Possibly, a suitable algorithm would be to defer to/check with prominent EA organisations like 80k to see if they are allocating 1 in every 100 or every 1000 EAs to rare but possibly important x-risks. Without a coordinated effort by a central body, I don’t see how you’d calibrate adequately (use a random number generator and if the number is less than some number, work on a neglected but possibly important cause?).
My thoughts on EA allocation to cause areas have evolved quite a bit recently (partly due to talking 80k and others, mainly in biosecurity). I’ll probably write a post with my thoughts, but the bottom line is that, basically, the sentiment expressed here is correct and that it’s easier socially to have humility in the form of saying you have high uncertainty.

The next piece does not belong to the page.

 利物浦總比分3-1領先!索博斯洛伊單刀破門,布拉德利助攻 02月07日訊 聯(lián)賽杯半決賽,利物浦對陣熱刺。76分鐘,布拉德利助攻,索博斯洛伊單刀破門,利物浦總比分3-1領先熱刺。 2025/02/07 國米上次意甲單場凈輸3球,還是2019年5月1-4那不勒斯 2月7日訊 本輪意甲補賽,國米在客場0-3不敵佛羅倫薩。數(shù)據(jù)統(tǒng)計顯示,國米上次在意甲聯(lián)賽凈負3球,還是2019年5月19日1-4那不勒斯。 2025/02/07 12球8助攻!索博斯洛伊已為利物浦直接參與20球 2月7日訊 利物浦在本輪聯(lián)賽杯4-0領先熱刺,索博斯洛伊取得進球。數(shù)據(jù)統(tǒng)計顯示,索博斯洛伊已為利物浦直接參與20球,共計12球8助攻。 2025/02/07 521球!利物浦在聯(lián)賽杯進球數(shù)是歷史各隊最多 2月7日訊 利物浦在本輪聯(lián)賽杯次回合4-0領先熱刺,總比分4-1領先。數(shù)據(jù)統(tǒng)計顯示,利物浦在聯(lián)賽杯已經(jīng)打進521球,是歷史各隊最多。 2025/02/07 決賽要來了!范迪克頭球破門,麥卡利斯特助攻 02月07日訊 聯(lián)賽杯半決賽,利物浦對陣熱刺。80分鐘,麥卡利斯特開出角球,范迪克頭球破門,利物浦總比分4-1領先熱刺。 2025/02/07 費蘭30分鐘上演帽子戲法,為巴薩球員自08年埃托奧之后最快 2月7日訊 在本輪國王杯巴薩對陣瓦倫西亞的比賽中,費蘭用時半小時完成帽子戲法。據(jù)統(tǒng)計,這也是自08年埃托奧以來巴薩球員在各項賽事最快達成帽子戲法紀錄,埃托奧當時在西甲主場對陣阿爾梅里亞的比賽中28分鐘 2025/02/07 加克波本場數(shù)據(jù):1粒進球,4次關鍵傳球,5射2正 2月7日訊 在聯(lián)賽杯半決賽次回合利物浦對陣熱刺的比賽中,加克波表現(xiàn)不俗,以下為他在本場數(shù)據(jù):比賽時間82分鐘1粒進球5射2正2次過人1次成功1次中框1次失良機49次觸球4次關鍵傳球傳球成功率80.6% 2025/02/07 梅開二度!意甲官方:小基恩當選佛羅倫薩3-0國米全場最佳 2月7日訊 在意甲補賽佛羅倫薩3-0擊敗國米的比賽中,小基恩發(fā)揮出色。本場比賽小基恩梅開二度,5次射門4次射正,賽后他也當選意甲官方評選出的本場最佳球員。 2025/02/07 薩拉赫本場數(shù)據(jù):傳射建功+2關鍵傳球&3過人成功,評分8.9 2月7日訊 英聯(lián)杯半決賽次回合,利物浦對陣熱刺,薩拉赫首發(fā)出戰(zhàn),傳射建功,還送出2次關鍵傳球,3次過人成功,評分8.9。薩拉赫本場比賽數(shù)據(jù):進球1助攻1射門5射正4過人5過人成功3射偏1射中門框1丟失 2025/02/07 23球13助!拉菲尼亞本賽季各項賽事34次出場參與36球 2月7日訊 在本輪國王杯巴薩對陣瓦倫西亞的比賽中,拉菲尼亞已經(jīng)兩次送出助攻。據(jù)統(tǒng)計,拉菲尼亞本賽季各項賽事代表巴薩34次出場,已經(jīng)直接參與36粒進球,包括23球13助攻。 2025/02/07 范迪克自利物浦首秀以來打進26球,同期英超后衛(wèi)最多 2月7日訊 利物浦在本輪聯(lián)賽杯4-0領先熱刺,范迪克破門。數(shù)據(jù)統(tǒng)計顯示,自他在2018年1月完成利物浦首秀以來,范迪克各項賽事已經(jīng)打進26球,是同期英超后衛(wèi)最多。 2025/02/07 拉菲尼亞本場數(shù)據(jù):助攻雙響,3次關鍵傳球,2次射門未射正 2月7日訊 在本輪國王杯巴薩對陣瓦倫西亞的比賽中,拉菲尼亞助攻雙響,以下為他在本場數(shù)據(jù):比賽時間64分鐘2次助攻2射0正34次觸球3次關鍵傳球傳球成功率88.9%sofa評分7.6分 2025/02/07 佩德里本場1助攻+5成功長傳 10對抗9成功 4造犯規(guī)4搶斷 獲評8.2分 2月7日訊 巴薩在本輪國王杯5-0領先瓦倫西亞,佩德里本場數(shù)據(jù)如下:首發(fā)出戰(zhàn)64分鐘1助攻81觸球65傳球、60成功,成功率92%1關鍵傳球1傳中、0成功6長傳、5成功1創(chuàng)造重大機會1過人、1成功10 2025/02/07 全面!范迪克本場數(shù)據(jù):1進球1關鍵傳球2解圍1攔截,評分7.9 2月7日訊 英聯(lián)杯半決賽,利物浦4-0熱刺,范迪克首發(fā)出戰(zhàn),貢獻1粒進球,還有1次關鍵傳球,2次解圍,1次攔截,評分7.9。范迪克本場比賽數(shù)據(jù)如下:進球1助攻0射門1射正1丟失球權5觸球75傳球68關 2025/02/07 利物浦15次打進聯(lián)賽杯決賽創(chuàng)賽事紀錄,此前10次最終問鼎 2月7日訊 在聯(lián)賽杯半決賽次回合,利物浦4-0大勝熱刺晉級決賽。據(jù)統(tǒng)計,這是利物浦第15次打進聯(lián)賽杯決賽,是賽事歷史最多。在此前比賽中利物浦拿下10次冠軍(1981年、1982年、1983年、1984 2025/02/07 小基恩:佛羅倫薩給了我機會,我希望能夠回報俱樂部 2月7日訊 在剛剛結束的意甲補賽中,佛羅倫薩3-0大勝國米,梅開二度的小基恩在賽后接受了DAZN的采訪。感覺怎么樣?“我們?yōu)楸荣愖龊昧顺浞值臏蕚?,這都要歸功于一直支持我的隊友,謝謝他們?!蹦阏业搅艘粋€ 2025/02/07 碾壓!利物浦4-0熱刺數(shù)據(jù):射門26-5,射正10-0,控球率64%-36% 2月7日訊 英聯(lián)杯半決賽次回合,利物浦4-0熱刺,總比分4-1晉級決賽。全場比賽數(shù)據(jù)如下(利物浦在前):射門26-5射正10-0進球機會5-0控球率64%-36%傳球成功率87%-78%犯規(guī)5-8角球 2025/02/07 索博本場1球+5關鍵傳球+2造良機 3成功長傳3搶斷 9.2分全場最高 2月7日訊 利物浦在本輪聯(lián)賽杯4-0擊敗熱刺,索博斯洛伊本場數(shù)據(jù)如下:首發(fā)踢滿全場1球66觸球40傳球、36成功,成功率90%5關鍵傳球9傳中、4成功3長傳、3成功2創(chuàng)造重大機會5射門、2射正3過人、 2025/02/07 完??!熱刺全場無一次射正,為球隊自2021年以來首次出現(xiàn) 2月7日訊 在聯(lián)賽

Responding to the spirit of the original post, my general sense is that plenty of people are not highly uncertain about AI-related x-risk—you might have gotten that email from 80k titled “A huge update to our problem profile — why we care so much about AI risk”. That being said, they’re still using phrases like “we’re very uncertain”. Maybe the lack of uncertainty about some relevant facts is lower than their decision rule. For example, in the problem profile, they write:
Different Views under Near-Termism
This seems tempting to believe, but I think we should substantiate it. What current x-risks are not ranked higher than non-x-risks (or how much less of a lead do they have) relative to non-x-risks causes from a near-term perspective?
I think this post proposes a somewhat detailed summary of how your views may change under a transformation from long-termist to near-termist. Scott says:
His arguments here are convincing because I find an AGI event this century likely. If you didn’t, then you would disagree. Still, I think that even were AI not to have short timelines, other existential risks like engineered pandemics, super-volcanoes or asteroids might have milder only catastrophic variations, which near-termists would equally prioritise, leading to little practical variation in what people work on.
Talking about different cultures and EA
Can you reason out how “there would be an effect”?